> _Problem to solve_: From the line containing "Loaded with high-style" to the line containing "オクラの植え付けでは本校2年" in the records below, set down every line exactly as it stands, both ends included, and skip the pictures.

> _Material provided_:

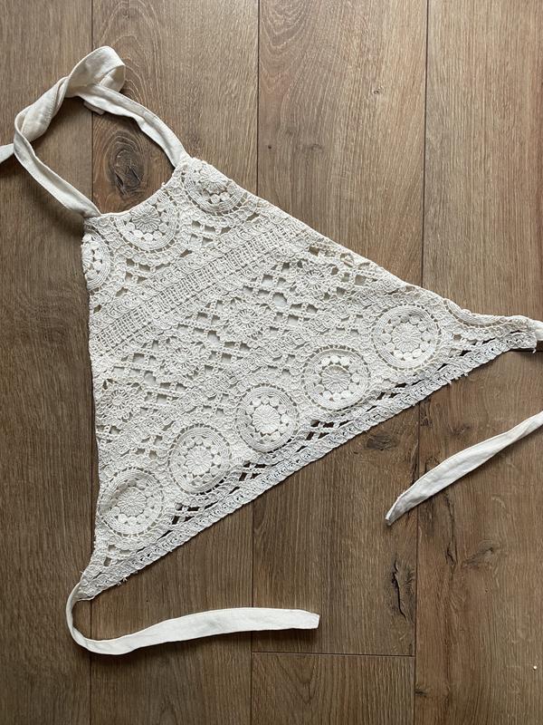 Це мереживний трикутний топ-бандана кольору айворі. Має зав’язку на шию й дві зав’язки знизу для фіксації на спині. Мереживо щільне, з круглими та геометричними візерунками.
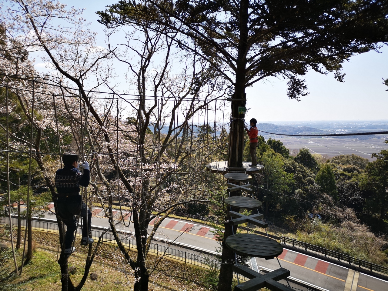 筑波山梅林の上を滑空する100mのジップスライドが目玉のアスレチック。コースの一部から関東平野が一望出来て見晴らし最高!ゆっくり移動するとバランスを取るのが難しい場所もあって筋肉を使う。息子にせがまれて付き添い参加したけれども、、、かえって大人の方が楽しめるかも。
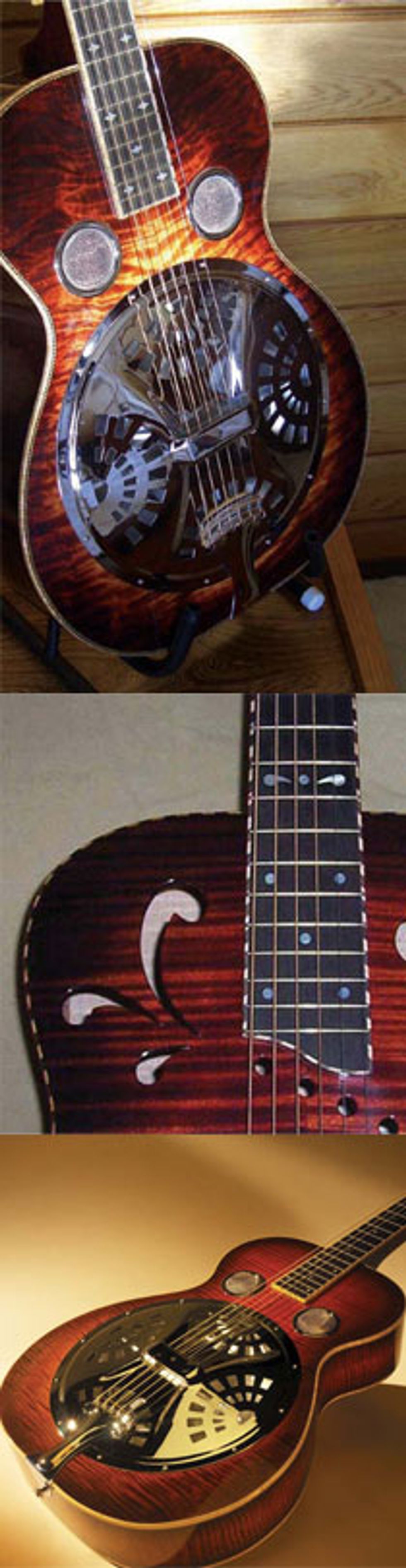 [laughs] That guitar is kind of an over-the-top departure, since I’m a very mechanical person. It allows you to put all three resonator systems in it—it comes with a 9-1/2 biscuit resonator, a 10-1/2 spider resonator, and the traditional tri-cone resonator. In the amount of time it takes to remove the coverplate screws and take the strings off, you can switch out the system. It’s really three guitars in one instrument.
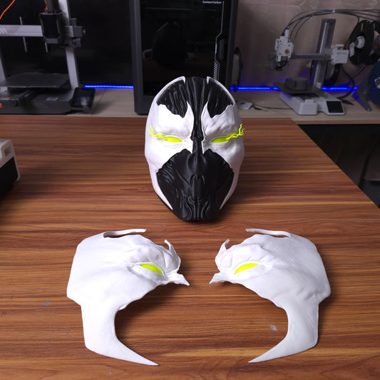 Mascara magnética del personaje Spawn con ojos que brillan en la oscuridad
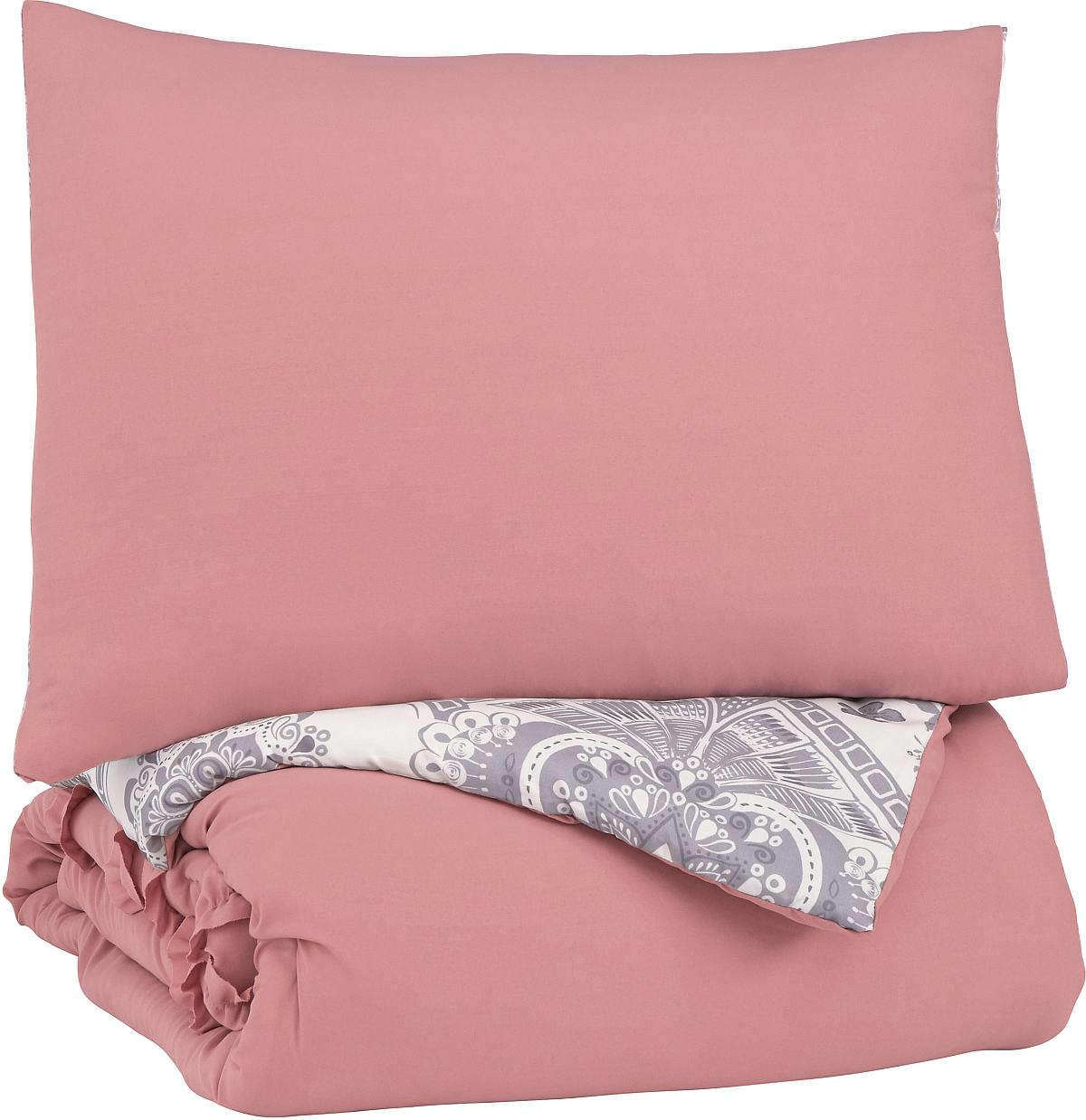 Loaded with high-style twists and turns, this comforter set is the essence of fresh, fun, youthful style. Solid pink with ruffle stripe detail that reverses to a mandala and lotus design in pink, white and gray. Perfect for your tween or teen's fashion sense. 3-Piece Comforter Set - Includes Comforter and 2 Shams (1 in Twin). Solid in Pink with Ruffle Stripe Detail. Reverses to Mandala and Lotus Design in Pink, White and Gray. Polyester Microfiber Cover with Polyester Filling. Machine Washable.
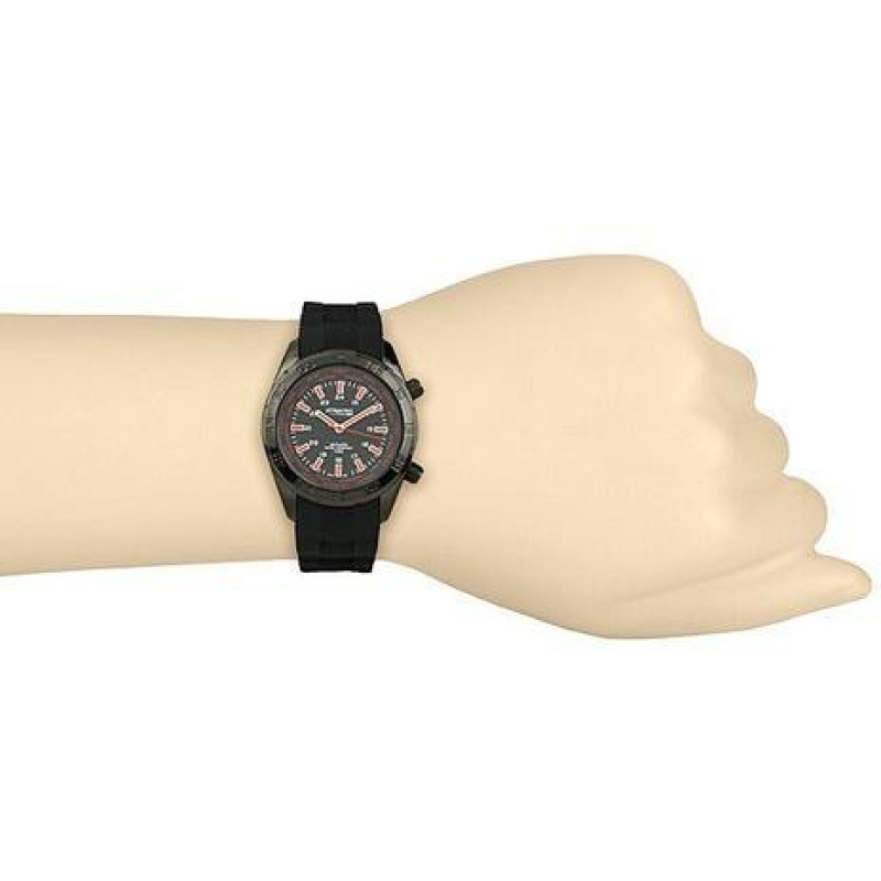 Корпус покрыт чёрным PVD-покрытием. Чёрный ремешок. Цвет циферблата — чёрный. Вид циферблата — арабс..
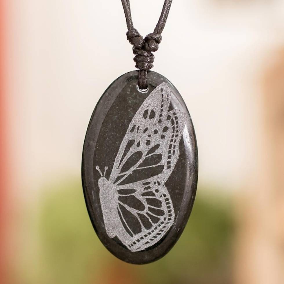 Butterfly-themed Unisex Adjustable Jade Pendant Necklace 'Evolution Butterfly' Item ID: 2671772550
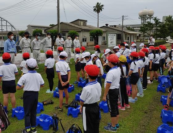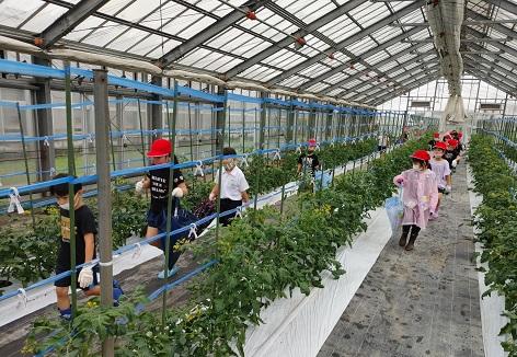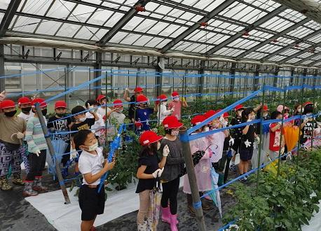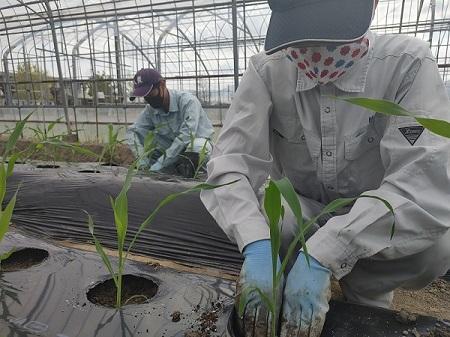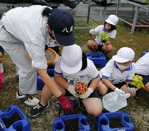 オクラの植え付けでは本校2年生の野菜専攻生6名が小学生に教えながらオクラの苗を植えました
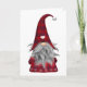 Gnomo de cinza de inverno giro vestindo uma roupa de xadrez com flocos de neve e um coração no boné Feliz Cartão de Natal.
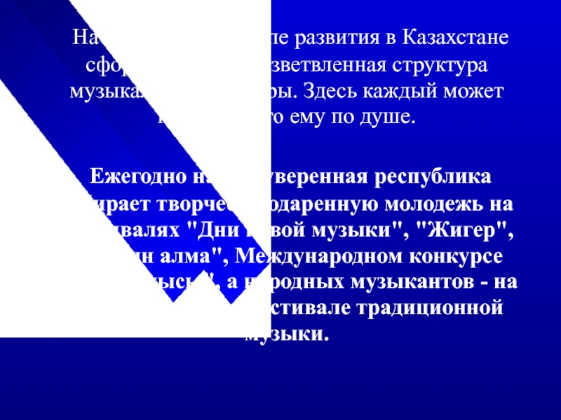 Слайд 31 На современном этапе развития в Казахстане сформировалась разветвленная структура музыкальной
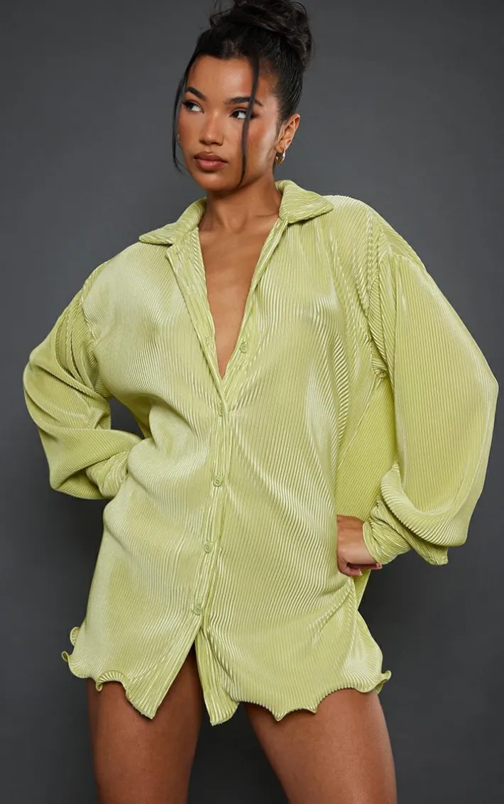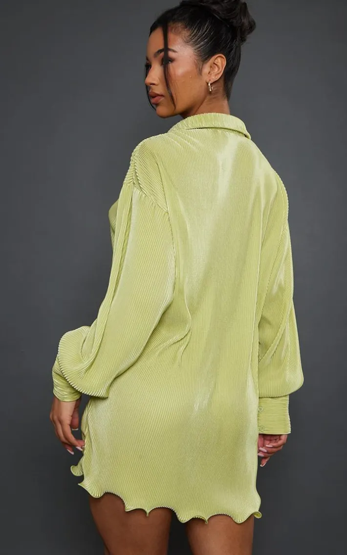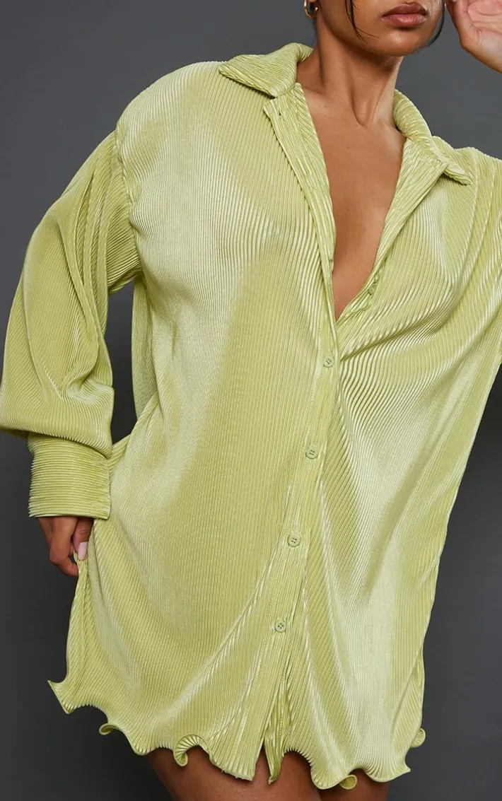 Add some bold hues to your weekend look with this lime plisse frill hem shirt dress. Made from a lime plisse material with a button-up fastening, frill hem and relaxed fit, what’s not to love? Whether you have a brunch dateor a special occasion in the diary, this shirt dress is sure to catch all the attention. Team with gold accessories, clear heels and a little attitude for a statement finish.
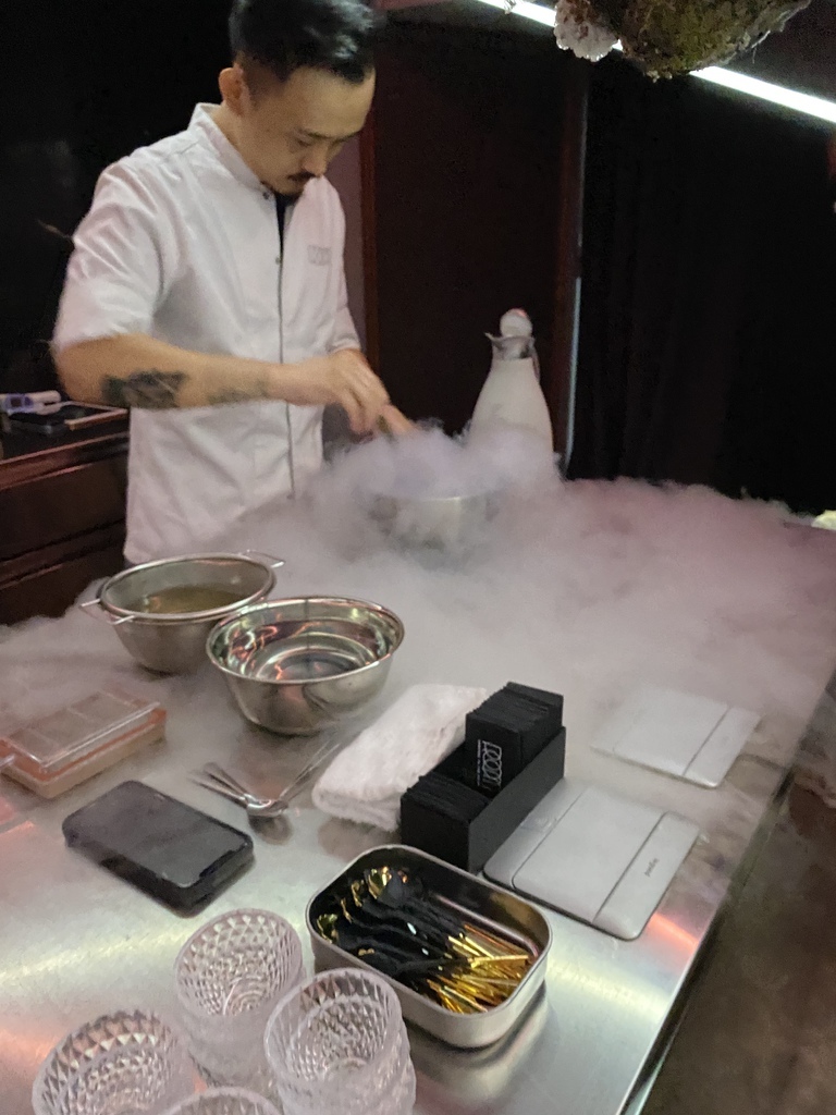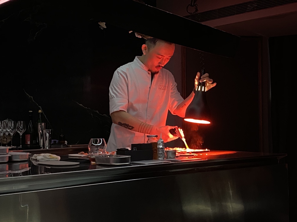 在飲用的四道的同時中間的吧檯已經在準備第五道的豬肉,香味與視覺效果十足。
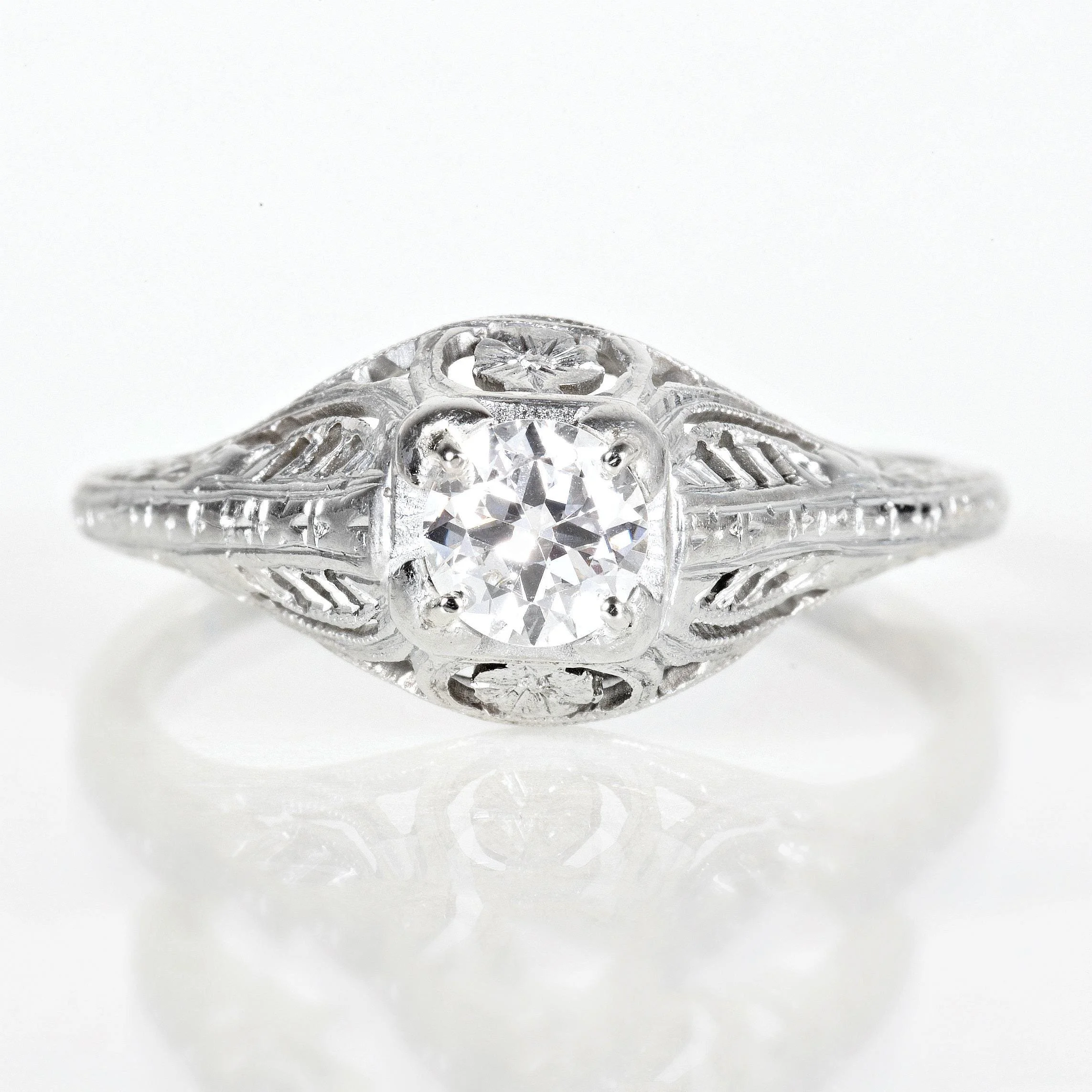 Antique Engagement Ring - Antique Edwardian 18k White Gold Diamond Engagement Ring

> _Response box_:
 Loaded with high-style twists and turns, this comforter set is the essence of fresh, fun, youthful style. Solid pink with ruffle stripe detail that reverses to a mandala and lotus design in pink, white and gray. Perfect for your tween or teen's fashion sense. 3-Piece Comforter Set - Includes Comforter and 2 Shams (1 in Twin). Solid in Pink with Ruffle Stripe Detail. Reverses to Mandala and Lotus Design in Pink, White and Gray. Polyester Microfiber Cover with Polyester Filling. Machine Washable.
 Корпус покрыт чёрным PVD-покрытием. Чёрный ремешок. Цвет циферблата — чёрный. Вид циферблата — арабс..
 Butterfly-themed Unisex Adjustable Jade Pendant Necklace 'Evolution Butterfly' Item ID: 2671772550
 オクラの植え付けでは本校2年生の野菜専攻生6名が小学生に教えながらオクラの苗を植えました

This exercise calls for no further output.